With the first of these equations, I can iterate Newton's method to find the value that makes \( \delta = 1 \).

\[ f(x) = \tan x - x - \frac{\delta}{2R} \]
\[ f'(x) = \sec^2 x - 1 \]
\[ x_{i+1} = x_{i} - \frac{f(x_{i})}{f'(x_{i})} \tag{Newton's method} \]

The derivative is zero at \( \theta = 0 \), so I need to start elsewhere for Newton's method to be stable. I know \( \theta \in (0, \pi/2) \) so I need to pick a \( x_{0} \) in that range also. If I pick too low, Newton's method will bounce me out of the valid range. If I pick too high I will get excessive iterations before converging to an answer. So, now I look for an \( x \) such that \( \tan x - x \) equals the percent of the Earth's diameter by which I have lengthened the rope.

\[ \tan x - x \approx \frac{1}{41\,850\,518} \approx 2.389456684861105 \times 10^-8\]
\( x_{i} \) \( f(x_{i}) \) \( f'(x_{i}) \)
1.0000000 0.5574077 2.4255188
0.7701903 1.9984732e-1 0.9409731
0.5578066 6.6091569e-2 0.3892490
0.3880141 2.0721236e-2 0.1670646
0.2639829 6.3079206e-3 0.0730571
0.1776405 1.8924183e-3 0.0322321
0.1189283 5.6387164e-4 0.0142784
0.0794370

Newton's method seems to be taking forever, especially considering that I need to be within 1.2e-8 before my approximation of 1 foot is at least a number that rounds to 1 foot. Clearly, \( x_0=1 \) is way too high. I can try again blindly, or I can get much smarter by realizing a good first approximation.

Leap, and then look

I can approximate the functions of \( \theta \) by considering the Maclaurin series of some trigonometry functions.

\[ \tan \theta = \theta + \frac{\theta^3}{3} + \ldots \]
\[ \sec \theta = 1 + \frac{\theta^2}{2} + \ldots \]

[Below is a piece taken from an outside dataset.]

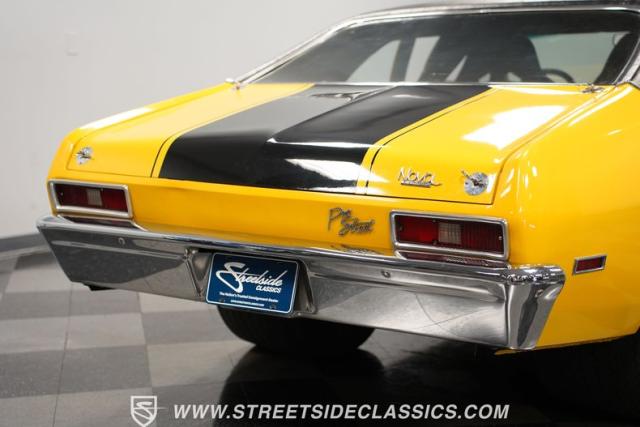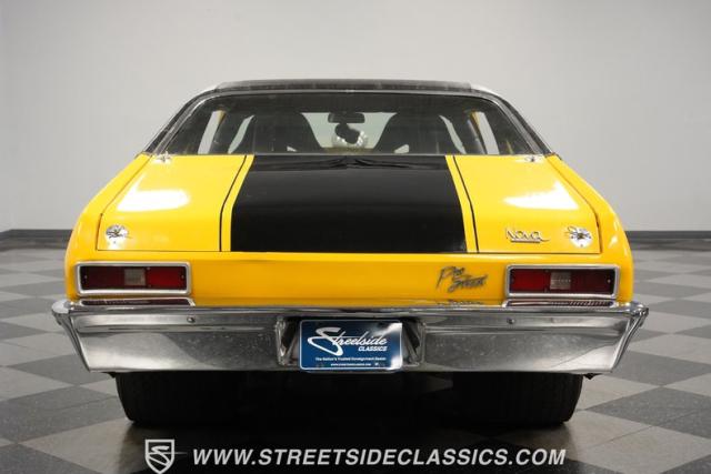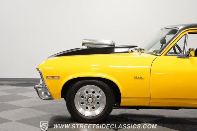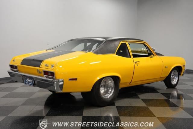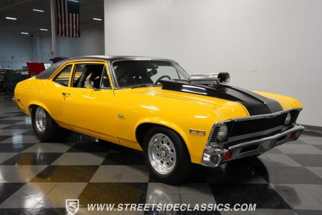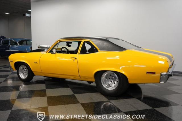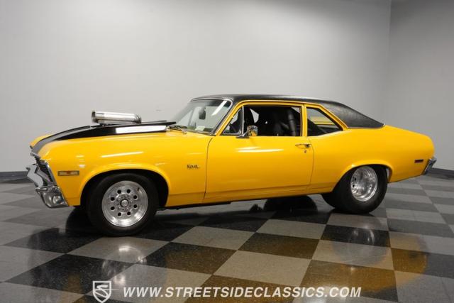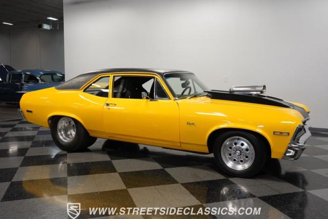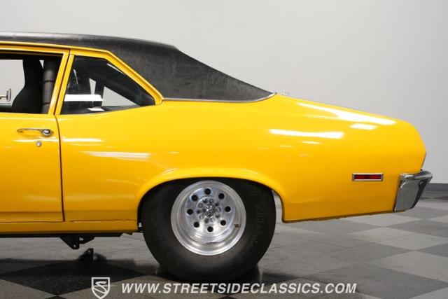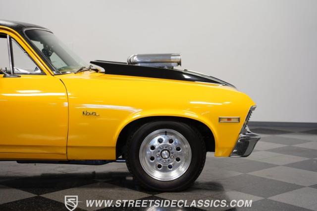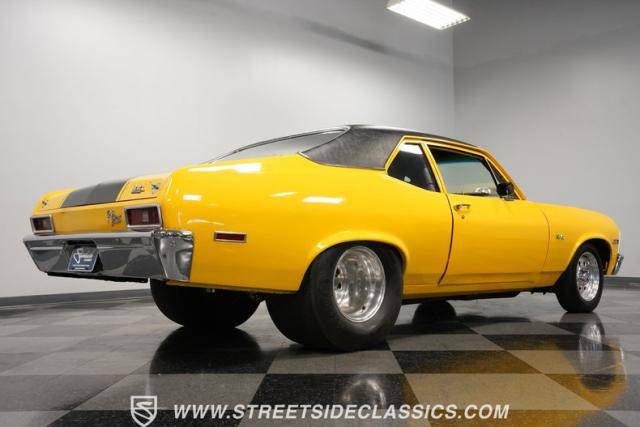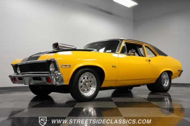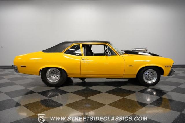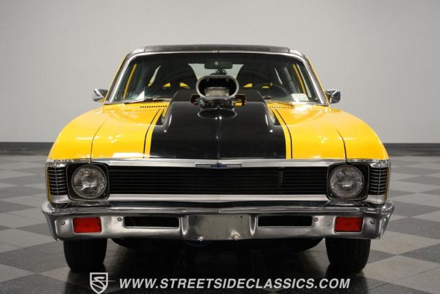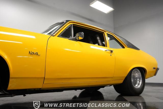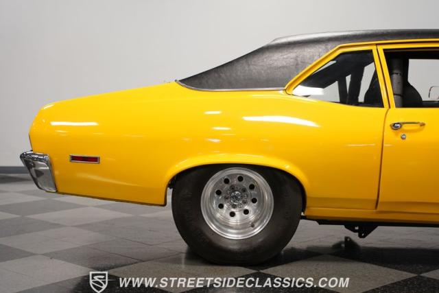 This 1972 Nova Pro Street takes no prisoners. Built by Big Al\'s Toy Box, its yellow paint and black war stripes announce pure intentions - domination. The massively tubbed rear quarters swallow 31x18.50-15LT rubber wrapped around Weld Racing wheels, while skinny 26x7.50-15LT front runners point the way. A custom fiberglass hood proudly displays the 671 supercharger and dual carbs, while the removable trunk panel and full tube chassis underneath prove this Nova means pure performance.

I have just shown the terms up to \( \theta^3 \), because I am estimating the tangent function very near 0. I like the simple algebraic result that is achieved.

\[ \frac{\delta}{R} = 2 \tan \theta - 2 \theta \approx \frac{2 \theta^3}{3} \]
\[ \theta \approx \sqrt[3]{\frac{3 \delta}{2 R}} \]
\[ \theta \approx 4.154066764857954 \times 10^-3 \]

I return to Newton's method, to see how close I may approach an answer:

\( x_{i} \) \( f(x_{i}) \) \( f'(x_{i}) \)
4.154066764857954e-3 1.649335974028912e-13 1.725646920809069e-5
4.154057207074411e-3 3.794875331551159e-19 1.725638979901307e-5
4.154057207052420e-3 2.008989222880591e-30 1.725638979883035e-5
4.154057207052420e-3

Now, just a couple iterations firms up an astounding result. Having that 1 foot of slack offers over 180 feet of clearance.

\[ \epsilon = R (\sec \theta - 1) \approx 180.546 \text{ feet} \]

The amount of rope which leaves the ground to achieve this clearance is now also readily calculated — almost a thousand times more than the clearance itself.

\[ 2R \theta + \delta \approx 173\,850 \text{ feet} \]

Now, I can celebrate, but what if I want to figure the result for a yard of slack? A kilometer? A mile? Why not skip Newton's method and trigonometry altogether?

\[ \frac{\epsilon}{R} = \sec \theta - 1 \approx \frac{\theta^2}{2} \]
\[ \frac{\delta}{R} \approx \frac{2\theta^3}{3} \]

Therefore, a fast approximation is as follows.

\[ \epsilon \approx \frac{R}{2}\left(\frac{3\delta}{2R}\right)^{2/3} \]

I really love this algebraic approximation. In fact, if I stick to radians as my units (of both lengths and arcs), then I can drop \( R \) from the equations altogether. And how good is this approximation? That question is worthy of another table.

\( \delta \) \( \epsilon \approx \) \( \epsilon = \) (by Newton's)
1 foot 180.546 feet 180.546 feet
\( 2 \pi \) feet 614.763 feet 614.768 feet
1 mile 10.3684 miles 10.3765 miles
100 miles 223.379 miles 227.154 miles
Adding 1 radius of Earth
3,963 miles 2596.53 miles 3099.26 miles
Double the rope
24,901 miles 8841.4 miles 14280.5 miles

This table shows that adding rope up to 100 miles long, and my algebraic approximation is within 2 percent of the actual. In fact even adding a full radian is still within 20 percent of the actual. Also, the approximation is a lower bound, so it is in spirit of the original question, which seeks to confidently identify objects that do fit underneath the lengthened rope.